I also found the ‘Italian thread’ handled with laziness and largely based on stereotype(I’m Italian, it’s my history and culture we are discussing here), which honestly made me wonder how accurate is the depiction of other ‘guest’ cultures in the series, like for example Lin Chung’s.
I’m sorry, but while I really enjoyed other novels in the series, I found this one very very disappointing.
I love Phryne (Fry-knee) Fisher. If I lived in the late 1920’s/early 1930’s, I would want to be her. She is fun, fancy and loves life. She also is in love with Lin Chung, or better yet finally admits to her love of him for various reasons. Don’t get me wrong, this is a murder-mystery through and through, but Greenwood puts just the right about of romance into the story. Plus, Lin Chung never once tries to change Phryne, his old-world grandmother does, but Lin Chung accepts her the way she is: a rarity in 1928.

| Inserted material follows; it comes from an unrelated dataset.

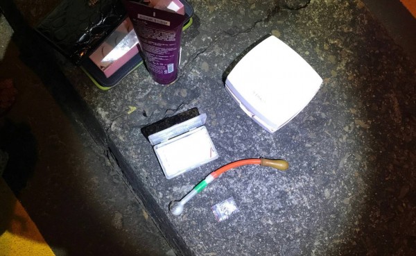 ▼邱男包包中的毒品與吸食器。(圖/翻攝畫面)

Back to Away With The Fairies, this is the 11th book in the Phryne Fisher series (previously reviewed here and here) and like the 10 before it there are are two story lines. The first storyline in this mystery is the fact that a well-known mystery author has died and Phryne takes a job at the local paper where the author worked to get to the bottom of it. The second storyline involves Lin Chung and the fact that he has gone missing. Do you see why Phryne figures out how much she loves him?

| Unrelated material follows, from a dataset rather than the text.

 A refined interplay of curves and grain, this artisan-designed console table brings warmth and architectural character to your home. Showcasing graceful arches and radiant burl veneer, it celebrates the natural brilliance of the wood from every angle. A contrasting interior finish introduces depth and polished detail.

Both story lines are thrilling and could have easily been two separate books; however, with the way that Greenwood rights the two meshed together perfectly. The Lin Chung storyline carries over into the murder-mystery because Phryne is legitimately worried. Thankfully Phryne has help with the assistance of Mr. Butler, Dot–her maid, and her two drivers. She trusts everyone in her life and because of this they all help her to solve the mystery and Lin Chung’s disappearance (those darn pirates!)
Australian author Kerry Greenwood has outdone herself with the 11th novel in the Phryne Fisher series, Away with the Fairies. Suspenseful throughout, the novel deals with two unrelated mysteries: the murder of the twee Marcella Lavender and the disappearance of Phryne's lover, Lin Chung, while on a trip to his native China.
Miss Lavender wrote the agony aunt column for a magazine called The Women's Choice, which championed a more progressive role for women in society, as well as writing and illustrating a children's feature called "Hilda and the Fairies" for the same magazine. ("Hilda and the Fairies" was just as saccharine as you might imagine.) Phryne consents to act as temporary fashion editor to determine whether one of Miss Lavender's co-workers might have had cause to kill her. Phryne finds out that most of her co-workers -- and neighbors -- had reason to want the interfering biddy dead.
Meanwhile, Phryne also manages to track down Lin. Can Phryne come up with a daring rescue plan? You'll have to read to find out, but, if you're smart, you'll bet on the fabulous Phryne to get her man back! With the help of Phryne's devoted and dependable lady's maid and companion, Dot Williams, and her red-ragger dock worker friends, Cec and Bert, Phryne manages to solve both mysteries with her usual cleverness and aplomb.
Away with the Fairies has got to be one of the best books in the series. I devoured the novel in less than two days. You won't be able to put the book down either.
I don't know, between pirates and the women's magazine cast something about this one was extra enjoyable. I think maybe I just like the ones where Phryne's relationship with Lin Chung is a bit more centered. I also like her growing family, because I am a sucker for pretty much any and all found family stories.